So? big deal. How many times there are "random characters anyway? Lisp is a programming language. String literals are enclosed in double quotes. Where XML can stand for representing information, it can not do anything else.

"The XML one does not use standard human-punctuation characters as markup."

Well, the character are special. It is the symbols 'less than' and 'greater than' respectively. Show an xml document to a mathematician and he will have a hard time digesting things like "paragraph

"Redundancy Is Good"

No one stops you for using an extra word in your DSL at the end for this purpose.

"So in my opinion, XML's syntax is wildly better than S-expressions as a language to integrate the worlds of documentation and data."

I failed to see the 'wildly better' thing, and the author simply misses the point: the real power of Lisp is the ability to invent any DSL needed for a specific task, as well as code and data being intergrated.

"DTDs, RELAXand XML Schema define constraints on individual instances of XML documents. This is a necessary feature for web services."

A Lisp like environment is much more open to checking constraints, since it can be interactively programmed to do so.
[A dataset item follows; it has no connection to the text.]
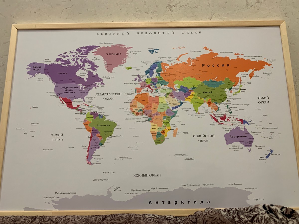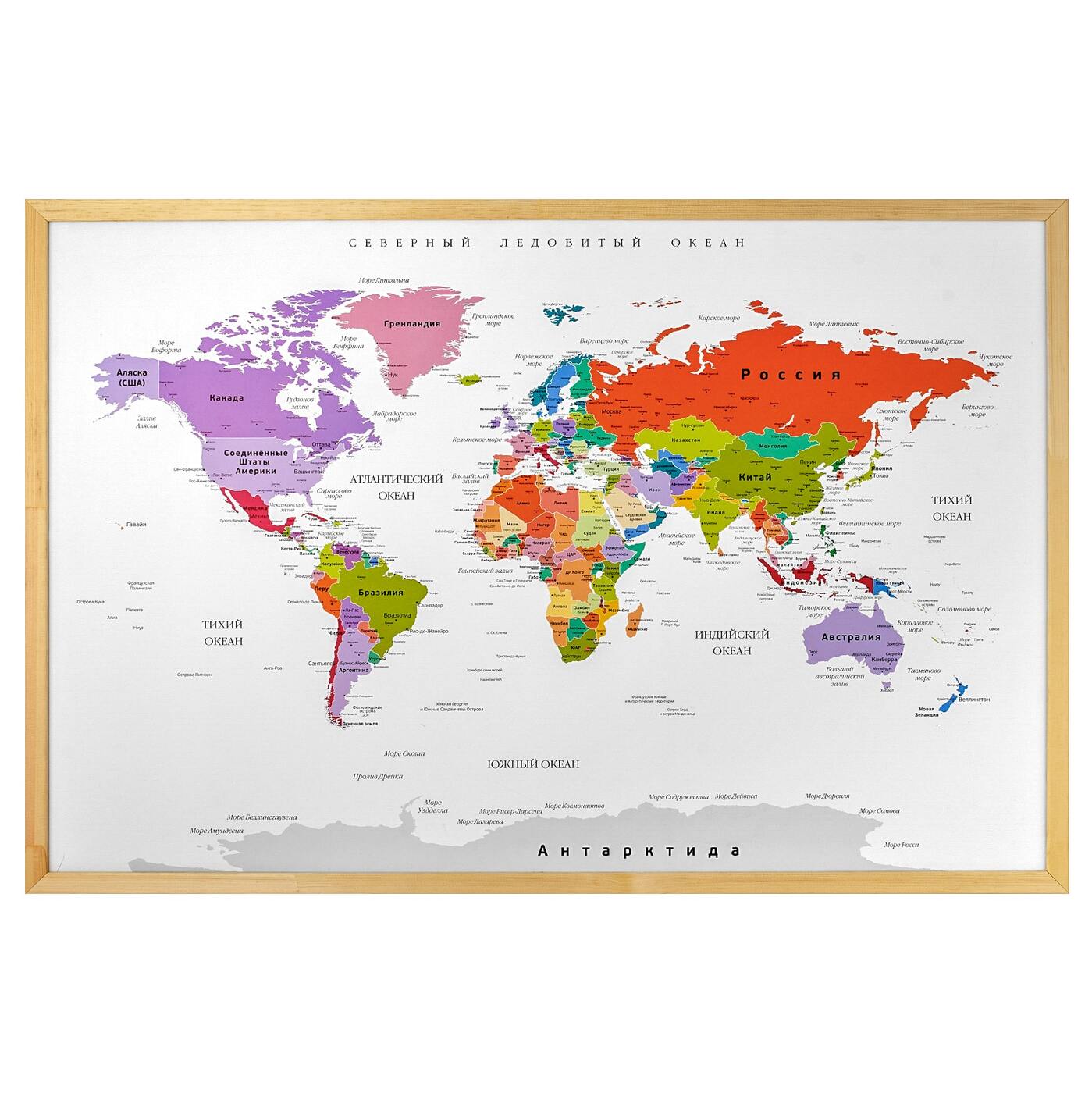 Карта мира на пробковой доске Classic 2, 60 х 90 см
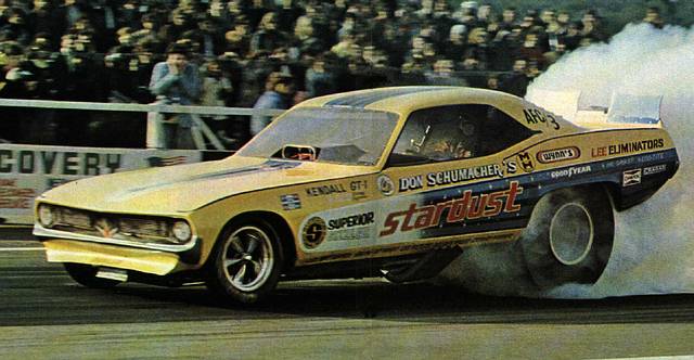 When Don Schumacher hung up his helmet and disbanded his Stardust Funny Car Team in 1974, a huge sigh of relief was heard from rivals like Gene Snow and Raymond Beadle in Texas, Pat Foster and Don Prudhomme in California and the late "Jungle Jim" Liberman in Pennsylvania. "The Shoe" was at the top of his game in 1974 when he retired to devote full time energy to his family business, Schumacher Electric Corporation, in Chicago, Illinois. As a driver, Schumacher is remembered for his unequaled record in match races across the country. As the sport reached its early stages of organization, Don won the 1972 Coca-Cola Cavalcade of Stars Championship, the 1973 AHRA World Championship, five NHRA National Event titles and nine IHRA event titles. His Plymouth Barracuda Funny Cars were dubbed "Stardust" and they were usually listed in the record books with runs like 6.18 seconds at 241.95 MPH in 1974. He was an early ambassador to England where he set long-standing records with the same 1970 'Cuda that he drove to a U.S. Nationals victory. As a car owner, Don's record was even more impressive. His engine, clutch, and aerodynamic advancements made his Funny Cars the leading performers in the country, and his safety innovations, like roof-mounted escape hatches, reduced the threat of fire-related injuries at a time when many Funny Car drivers suffered serious burns. In late 1974, with a family at home and a business in need of his supervision, Don announced his retirement from drag racing. To no one's surprise, Don approached his business with the same work ethic and professionalism, which made him a racing champion. Today, Schumacher Electric Corp. is the world's foremost manufacturer of battery chargers with numerous additional product lines like Schumacher Electric Welders in widespread distribution. Don's interest in drag racing returned when son Tony began racing NHRA sportsman cars in the early 1990s. As Tony progressed from driving sportsman cars to Top Fuel Dragsters, Don's passion kicked into high gear. After winning a Top Fuel NHRA Championship in 1999 in his first year back as an owner, Schumacher continues to be heavily involved in the sport today.

Extending a web server with new functionality is much easier with an enviroment like Lisp than with xml.

"XPointer allows change-resistent addressing of particular nodes in the parse tree ("infoset") in URIs.
"XQuery allows the expression of sophisticated queries on XML documents"
"XSLT allows the declarative, patternn-based transformation of XML documents"
"CSS and XSL allow XML to be presented to human readers with formatting"

All of these things can be done in a Lisp-like environment very easily.

"You cannot evaluate the hype around XML without incorporating all of these technologies into the evaluation. Cumulatively there are decades of person-effort embodied in those specifications!"

The effort would be much less if something like Lisp was used.

" The central idea of the XML family of standards is to separate code from data. "

Which it never actually happens with xml: most programs, if not all, use xml for communication with other environments, converting xml from/to a set of native objects. And two applications can share the same xml information, but if they need to manage it in the exact same way, they need to share the code too.

"The cental idea of Lisp is that code and data are the same and should be represented the same. The Lisp community's idea of "Schema" would likely be "Lisp program". The Lisp community's idea of "addressing language" would likely be "Lisp program." The Lisp community's idea of "query language" would likely be "Lisp program.""

Good, at least the author understands a few things.

"Unfortunately this response ignores the Principle of Least Power"

I don't see how that applies to a Lisp-like environment.

What the author cleverly sidesteps is just how powerful is a system like Lisp. It can be procedural, functional, object-oriented, purely declarative, mathematical, etc. I am not praising Lisp, I am praising the idea of macros, extendable syntax, data as code and vice versa, etc. Lisp has its flaws, and there are various implementations around, each one with its own problems, but there are incredible ideas behind it, not properly exploited by IT.

Everything's a string!

"The XML one defaults to treating random characters as text, not as markup"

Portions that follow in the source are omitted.